Spanish writer Marco Antonio Ortí in his 1655 book wrote that Yepes had "acquired a very unique opinion and credit" in the kingdom. Jordan assessed that Yepes's "works are brimming with an irresistible provincial charm and a delightful inventiveness suggestive of the sybaritic life of this prosperous Mediterranean seaport". Despite his local significance, he was first mentioned in a nationwide publication over a century after his death—in 1800, when Juan Agustín Ceán Bermúdez published his biographical dictionary of the prominent artists of Spain, Diccionario historico de los mas ilustres profesores de las Bellas Artes de Espana.

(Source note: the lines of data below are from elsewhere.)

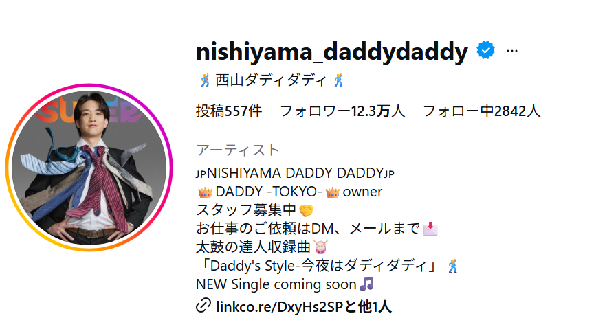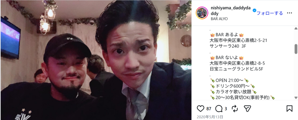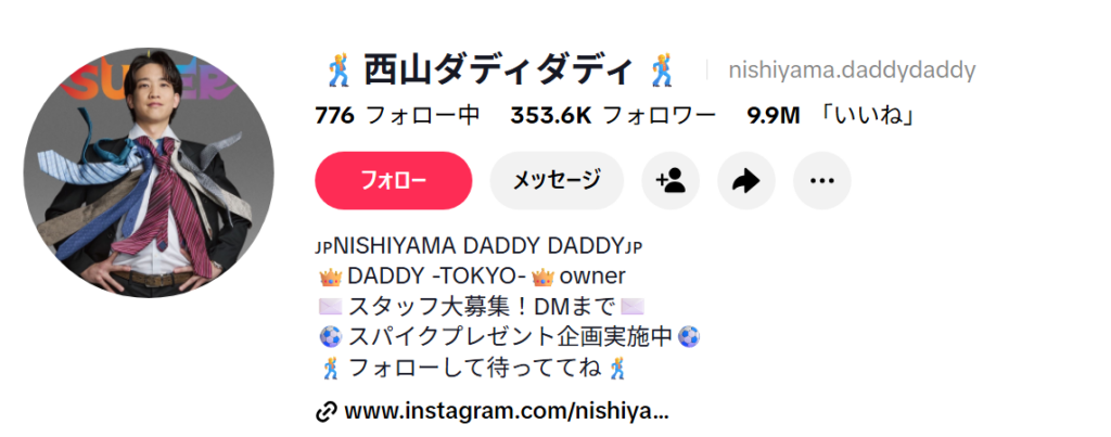 西山ダディダディさんは、元バー店長で、インフルエンサーです。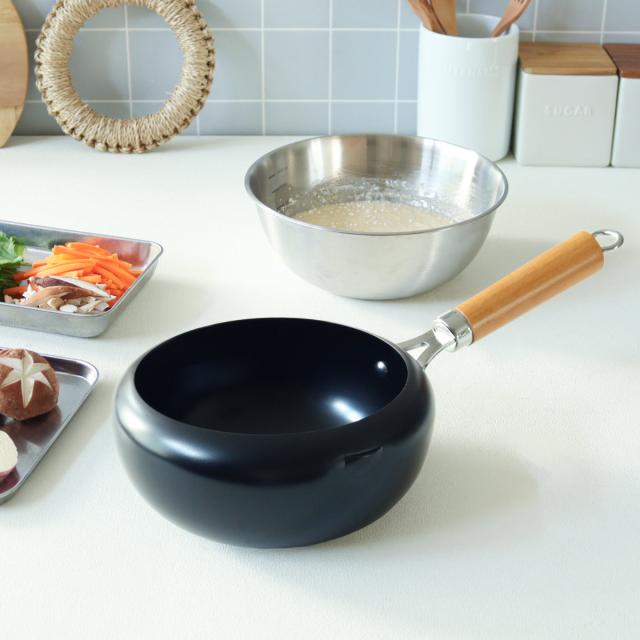 少量の揚げ物や、お弁当のおかず作りなどにも最適なサイズです。便利な片手鍋タイプなので普段使いしやすいです。ガスはもちろん、200VのIHやあらゆる熱源に対応しています。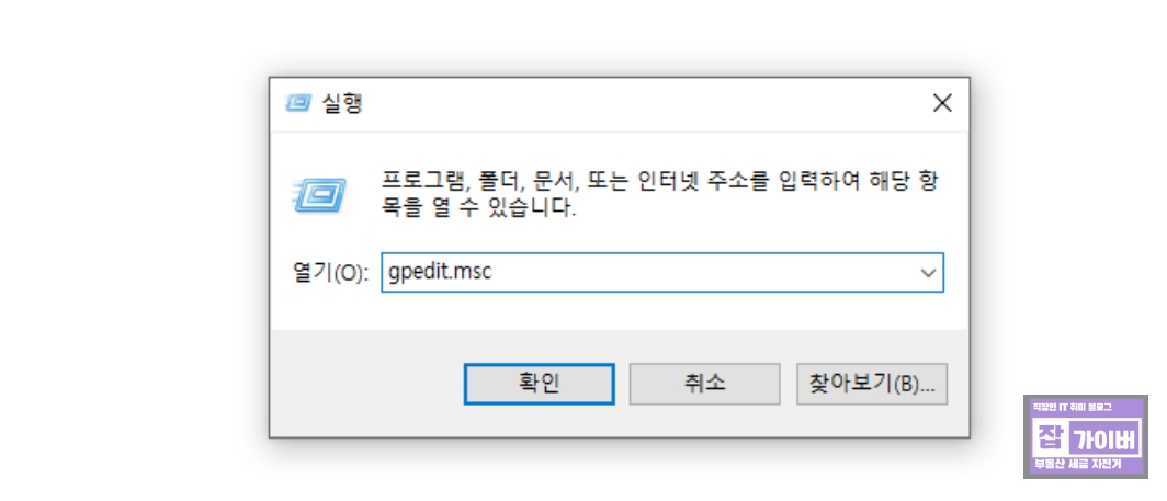 자동 업데이트를 영구적으로 비활성화하려면, 먼저 'gpedit.msc'를 실행하여 그룹 정책 편집기에 들어갑니다.
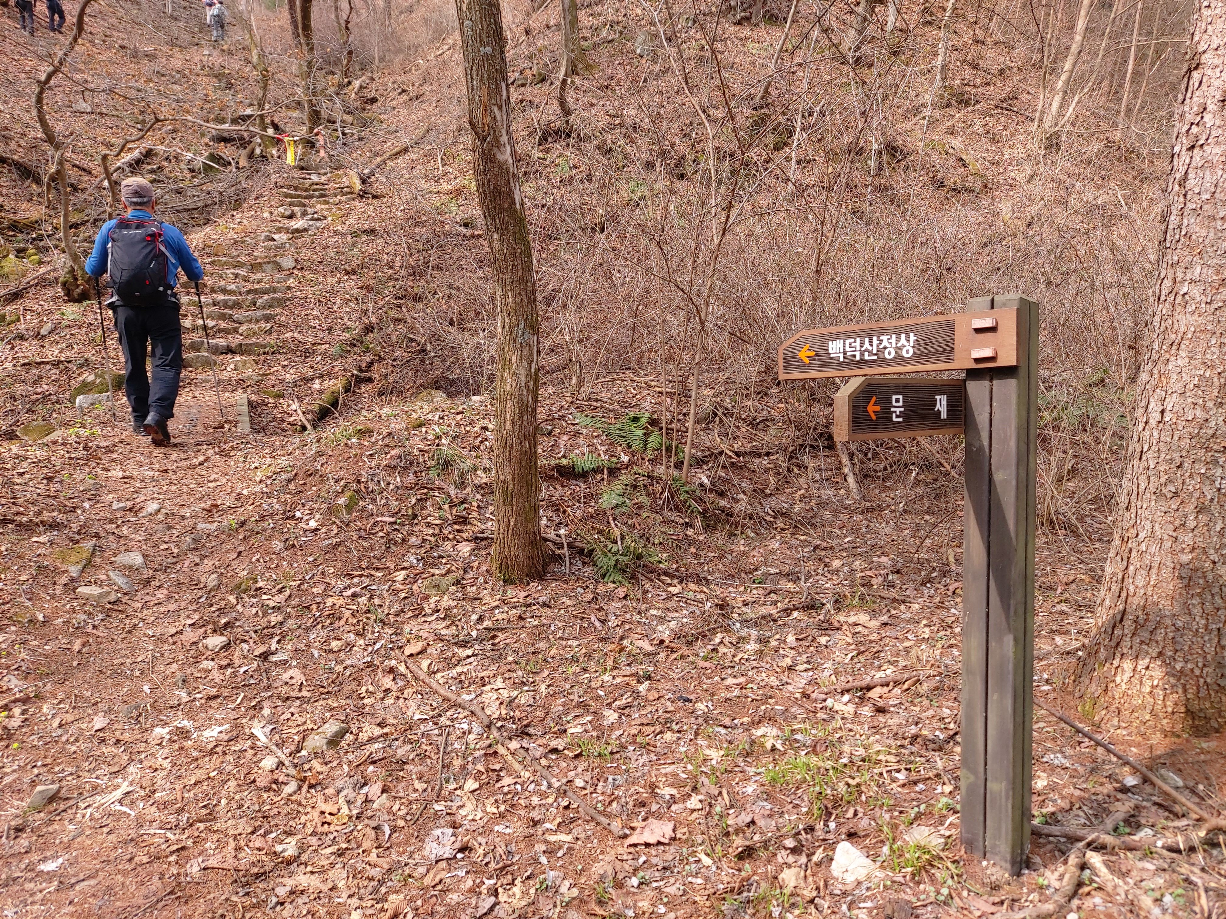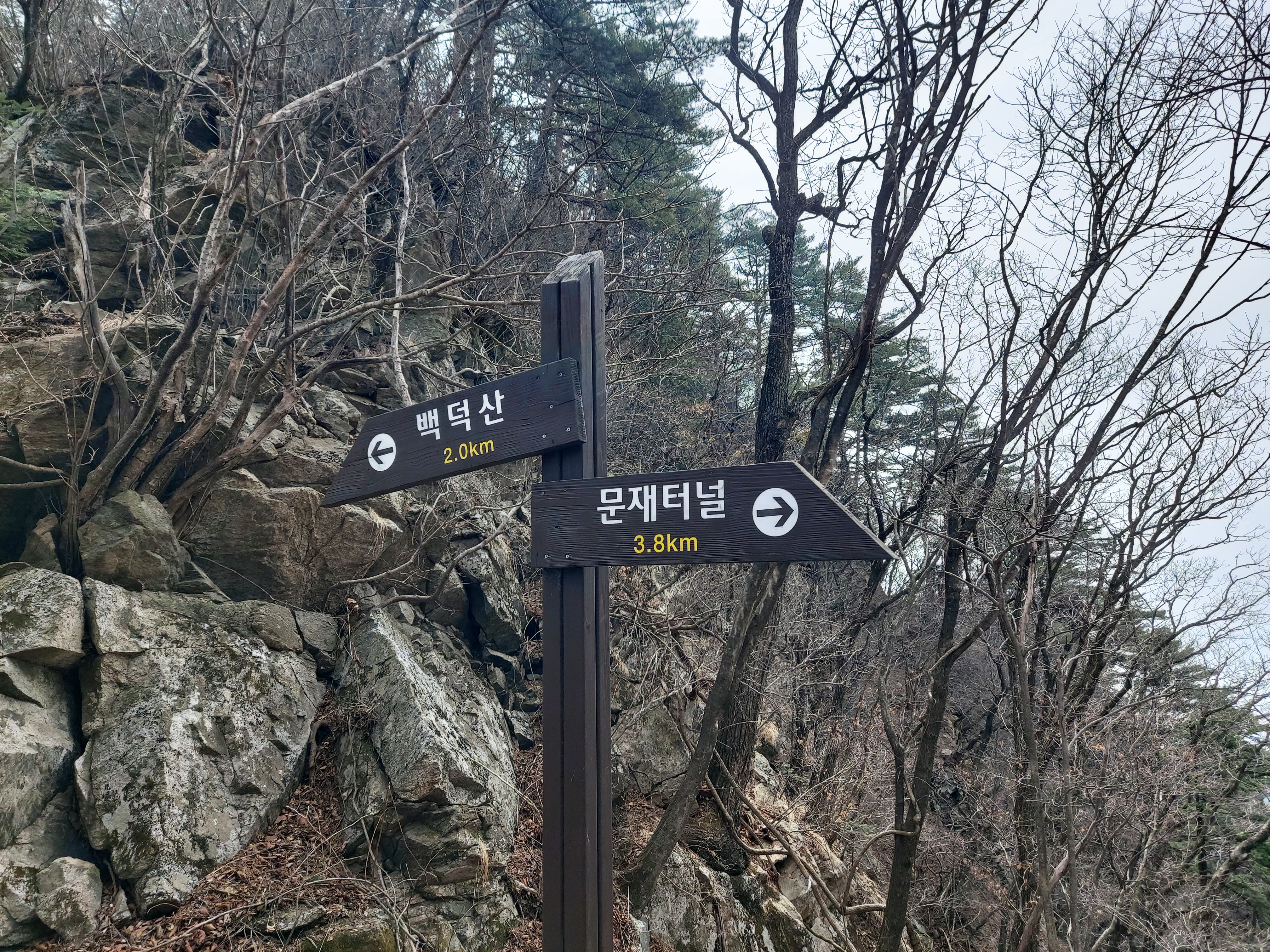 당재 이정목 백덕산 정상 2.0km 남았습니다. 11:12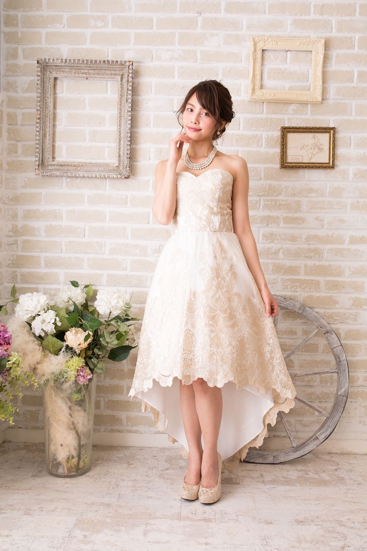 花嫁二次会、1,5次会向けアイボリー×ゴールド刺繍レース柄イルヘムデザインベアドレス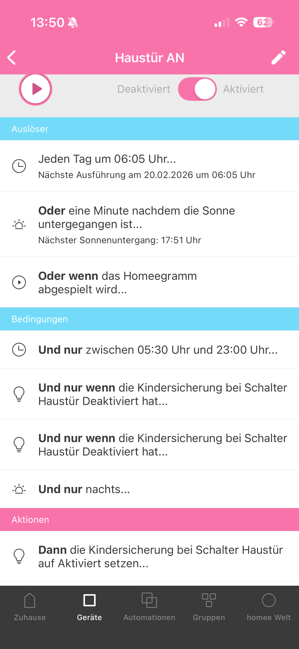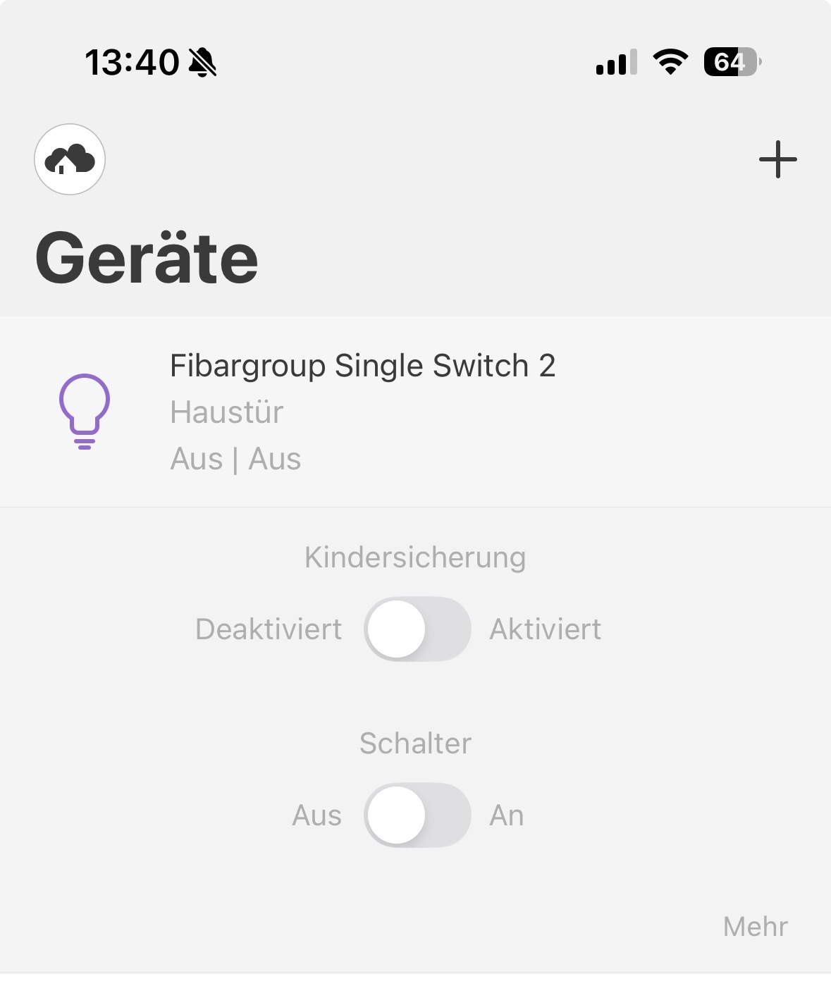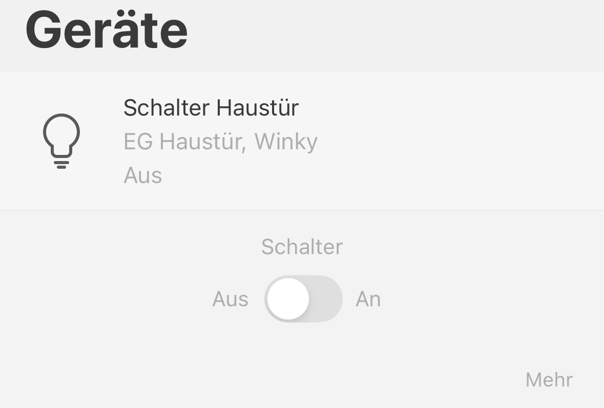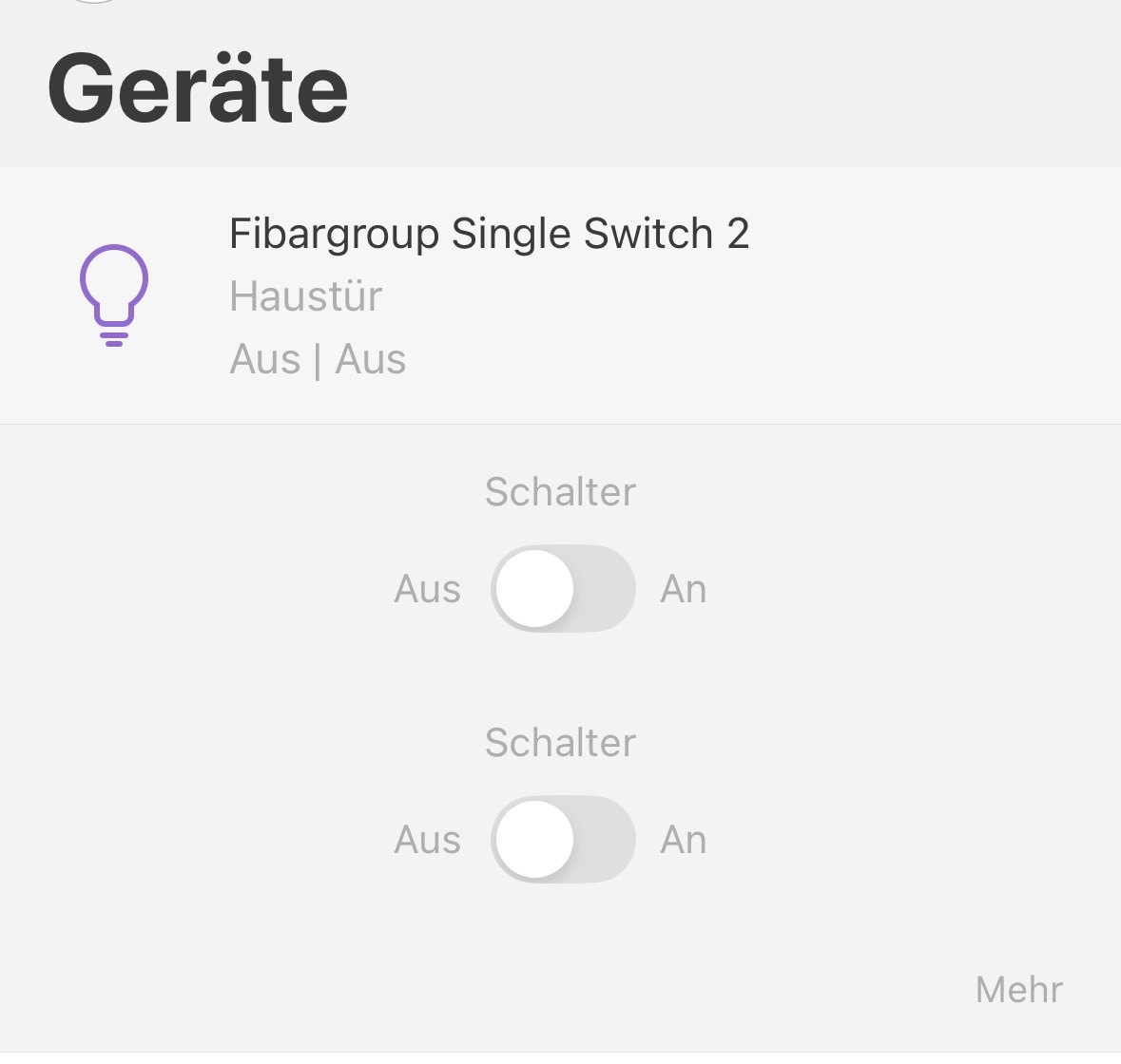 Im Master sieht man zuerst nur Schalter 1 (Screenshot fehlt leider), doch wenn über die App geschaltet wird, ist der Toggle weg und es sieht so aus:
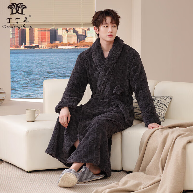 丁丁羊2025新品珊瑚绒秋冬男款睡袍长款加厚秋冬大浴袍保暖法兰绒家居服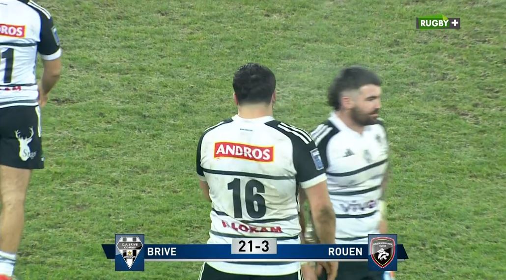 Après un premier quart d'heure sans grandes envolées, en voici une et on espère que cela va débloquer la rencontre. Mais voilà, Rouen s'accroche et va capitaliser tout de suite. Brive se met à la faute à deux reprises et cela offre une pénalité dans les cordes de Franck Pourteau. Le buteur rouennais ne manque pas la cible (7-3, 19'). Brive repart à l'attaque mais il est difficile de faire craquer cette défense et notamment dans l'axe. Brive ne parvient pas à faire des différences, tout en laissant tomber de plus en plus de ballons, à l'image de cet avantage en cours non exploité à la suite d'un en-avant de Jackson Garden-Bachop. Sur la pénalité, face aux perches, le buteur briviste trouve le poteau (ce problème de buteur régulier va se payer tôt ou tard dans la saison) mais Arthur Bonneval prend le rebond offensif. Brive insiste à 5 mètres en cherchant à y aller en force. Rouen sort les barbelés et va obliger le CAB à jouer au large. Garden-Bachop porte le ballon et sert Bonneval ... qui laisse échapper le ballon (25'). Les brivistes sont dans un temps fort et Rouen n'est pas loin de craquer. Les avants insistent à nouveau sur la ligne rouennaise et la défense se met à la faute. On repart sur du jeu d'avants mais personne ne gagne son duel. Cela reste très stéréotypé et au final, c'est Rouen qui gagne le duel avec un grattage de Jimi Maximin (30'). Sur une formation de maul, Soso Bekoshvili se met à la faute. Garden-Bachop connait son deuxième échec de la soirée (34'). Brive a le ballon mais est trop dans l'affrontement, tombant dans le piège tendu par Rouen qui reste solide et solidaire en défense. Les attaquants brivistes commettent également de nombreux en-avants. La partie a du mal à trouver du rythme avec ces nombreux arrêts de jeu. La mi-temps est sifflée et elle va faire du bien à tout le monde. Brive mène mais propose un jeu brouillon, à une dimension, sans changements de rythme. Rouen s'accroche et défend bien jusqu'à présent.

Spanish art historians Alfonso E. Pérez Sánchez and Benito Navarrete Prieto organized a monographic exhibition of Yepes's works at the Centre Cultural Bancaixa, Valencia, in 1995. The catalogue included archival research performed by Prieto which contributed to the existing knowledge of Yepes's life and works. A reviewer summarized that the "Yepes was greatly admired in his own day and has been a major rediscovery of our time. This exhibition demonstrated that not only is Yepes one of the most skilled and exquisite of painters, but maintained the interest of his patrons and collectors with his expertise in flower painting and a range of different still-life types."